Onder de titel ‘Dieper dan ik mijzelf ooit ken’ willen we in deze jaarserie peilen wat identiteit is en welke factoren identiteitsontwikkeling bemoeilijken. Hoe onder de huidige gegevenheden voorwaarden te scheppen en kansen te zien ten behoeve van het vinden van een persoonlijke identiteit is de vraag waarop we antwoorden zoeken.

Identiteit

De Levita [2] onderscheidt drie belangrijke aspecten aan de identiteit: je naam, je lichaam en je persoonlijke geschiedenis, waarbij er een wisselwerking is met de omringende samenleving. Je naam is of wordt betekenisvol. Ook een bijnaam kan veel zeggen. Daarnaast heb je een lichamelijke identiteit. Ondanks verandering en veroudering blijf je lichamelijk dezelfde.
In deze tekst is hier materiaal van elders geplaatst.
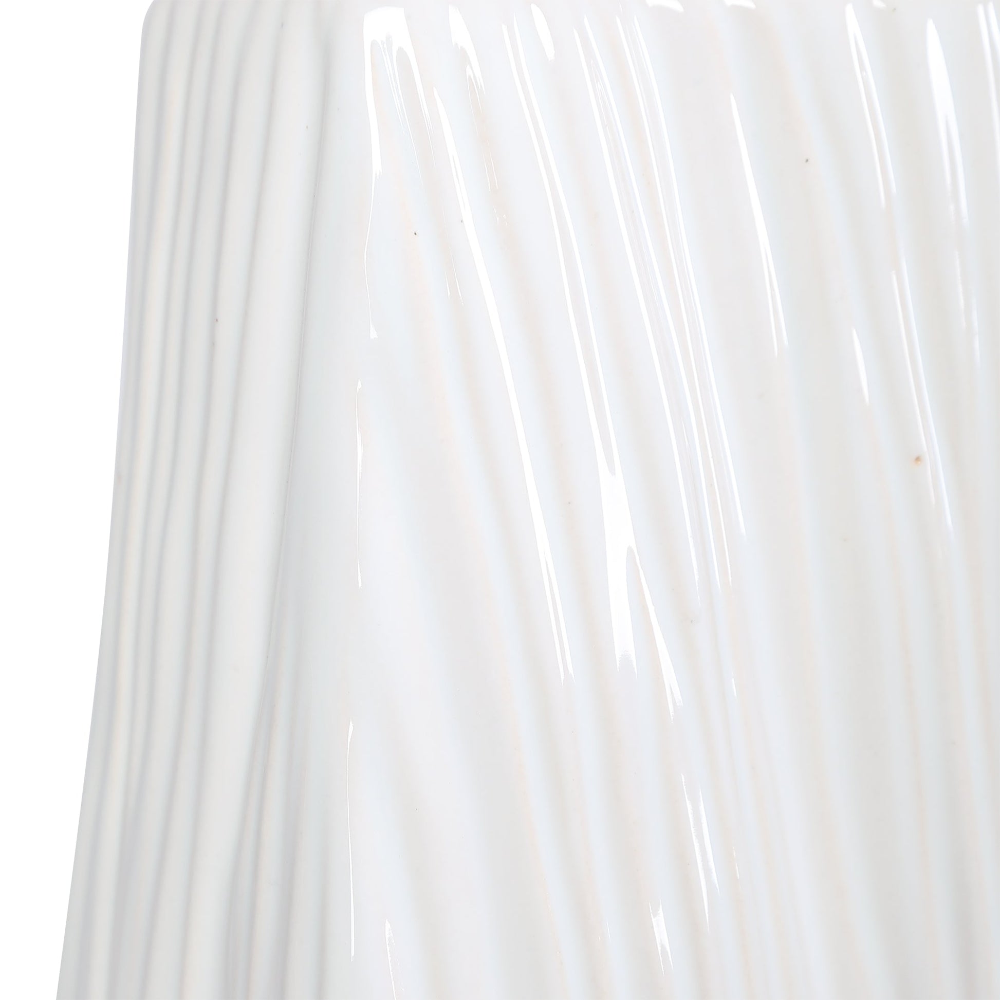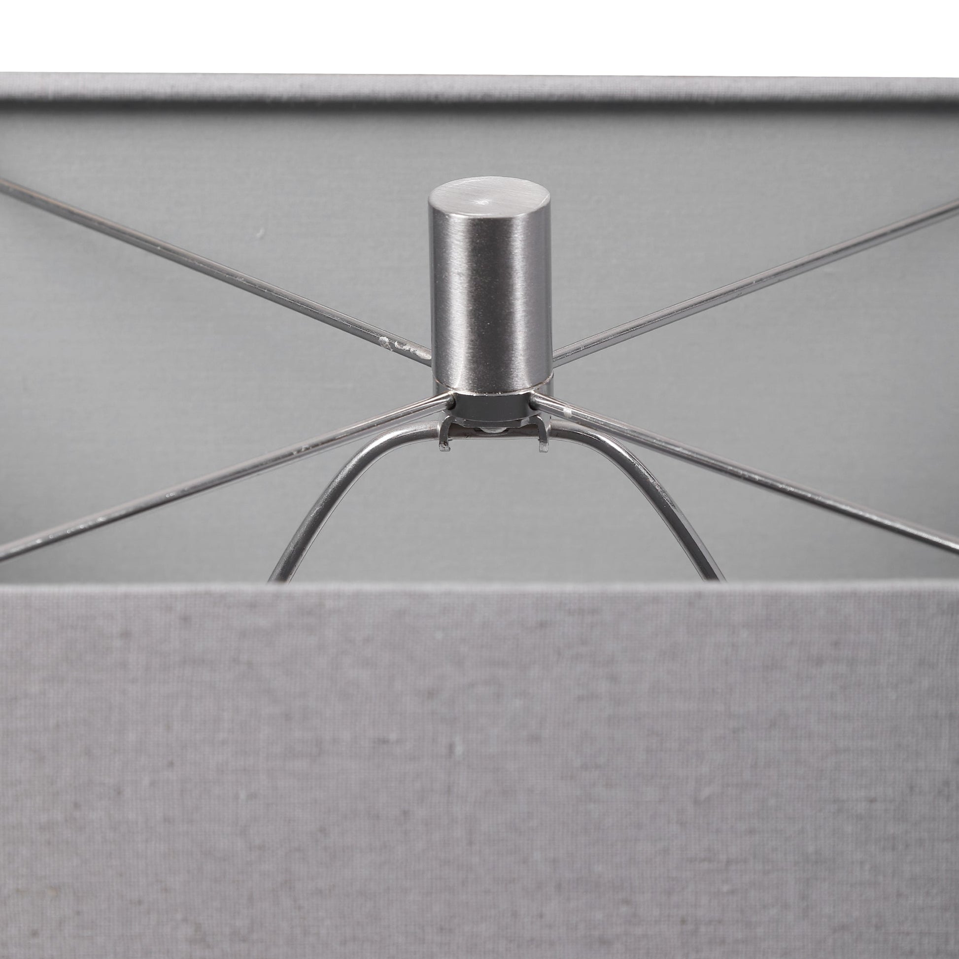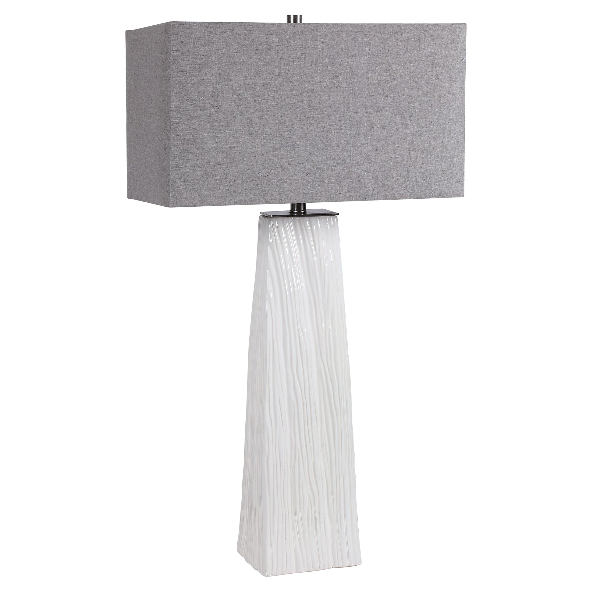 Elegant And Versatile, This Table Lamp Features A Gloss White Ceramic Base Featuring Organic Hand Carved Details And Brushed Nickel Accents. The Piece Is Paired With A Rectangle Hardback Shade In Gray Linen Fabric With Natural Slubbing. Overall Depth : 11 in Overall Width : 19 in Overall Height : 36 in
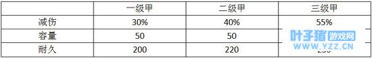 一级甲 一级防弹衣的属性如下: 减伤30%,容量+50,耐久200 2、二级甲
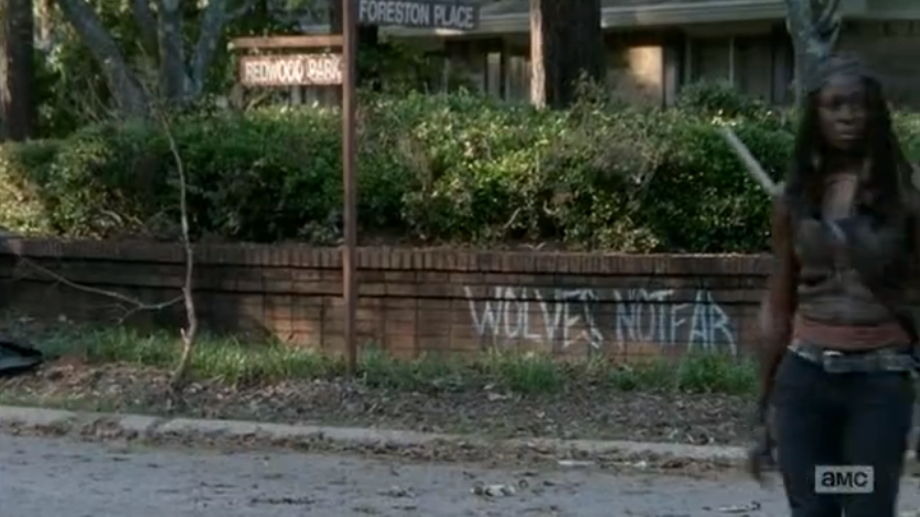 This was a very quick moment; but while at Wiltshire, there was spray paint that said ‘Wolves Not Far’. Considering the preview for next week shows some wild dogs finding the crew, it’s possible this was a warning about ACTUAL wolves. Though my theory is that this actually refers to a group.

Tot slot heb je een persoonlijke geschiedenis: een verhaal dat vertelt waar je vandaan komt, bij wie je hoort, wat je hebt meegemaakt en in welke tijd en wat je karaktereigenschappen zijn. De persoonlijke geschiedenis bevat dus sociale, historische en psychische kanten van de persoonlijke identiteit.
In de sociologie en psychologie figureren meerdere definities van identiteit. In de meeste definities verwijst identiteit naar iets in het individu dat er voor zorgt dat het in zijn waarneming een en dezelfde blijft, dus naar gelijkheid en continuïteit. Identiteit is als het ware een vaste kern van de persoonlijkheid die bij alle wisselingen van rollen en omstandigheden zichzelf blijft. Het is het vermogen van mensen om in veranderende situaties toch een eigen weg te kiezen en zich te verhouden tot wat er om hen heen gebeurt. Identiteit is een min of meer samenhangend beeld dat iemand van zichzelf heeft, dat enigermate overeen komt met het beeld dat belangrijke anderen van deze persoon hebben [3]. Identiteit impliceert het hebben van een levensplan, een ideaal en de daarbij horende waarden en normen waarvoor men zich wil inzetten. Een persoon met een gezonde identiteit ervaart zichzelf als waardevol en voelt zich door anderen erkend.

Identiteitscrisis

Onduidelijkheid over wie je bent en wat je waard bent is in overgangssituaties heel gewoon. Een kind dat volwassen wordt tobt daar vaak het sterkst mee. Er is sprake van een identiteitscrisis als een individu zodanig in conflict met zichzelf of zijn omgeving komt dat zijn gelijkheid en continuïteit in het geding zijn. Zo’n conflict kan leiden tot een bestendiging of verandering van identiteit. En dat is menselijk. Lang niet altijd is dit tijdelijk. Regelmatig slagen mensen er niet in tot bevredigende relaties te komen met anderen, krijgen ze wonen en werken niet goed op orde, hebben ze last van leegte. Soms vluchten ze voortijdig in zekerheden (huisje, boompje, beestje) of in een virtuele leefwereld. Soms ontlenen ze houvast aan (extreme) overtuigingen van een afgebakende groep. Je bent Gothic of Lonsdale. Weer anderen pogen met behulp van oosterse filosofie los te komen van het ego, totdat men ontdekt dat er juist onvoldoende ego ontwikkeld is. Sommigen pompen het eigen ego op tot ongekende proporties. Anderen hechten overspannen waarde aan uiterlijke dingen (Nikes voor basisschooljongens, botox en siliconen voor veertigers). Meestal is dan de identiteit in het geding.
Een persoon met een zwakke identiteit is als een podium waarop verschillende acteurs toneel spelen zonder script of regisseur. Een zwakke identiteit kan leiden tot het primair benutten van andere mensen als middel om zich staande te houden. Hetzij door zich te klein en afhankelijk te maken zoekend naar de bevestiging van de omgeving. Hetzij door zich te groot en pseudo-autonoom op te stellen en zich af te zetten tegen anderen. Hetzij door zich afzijdig te houden.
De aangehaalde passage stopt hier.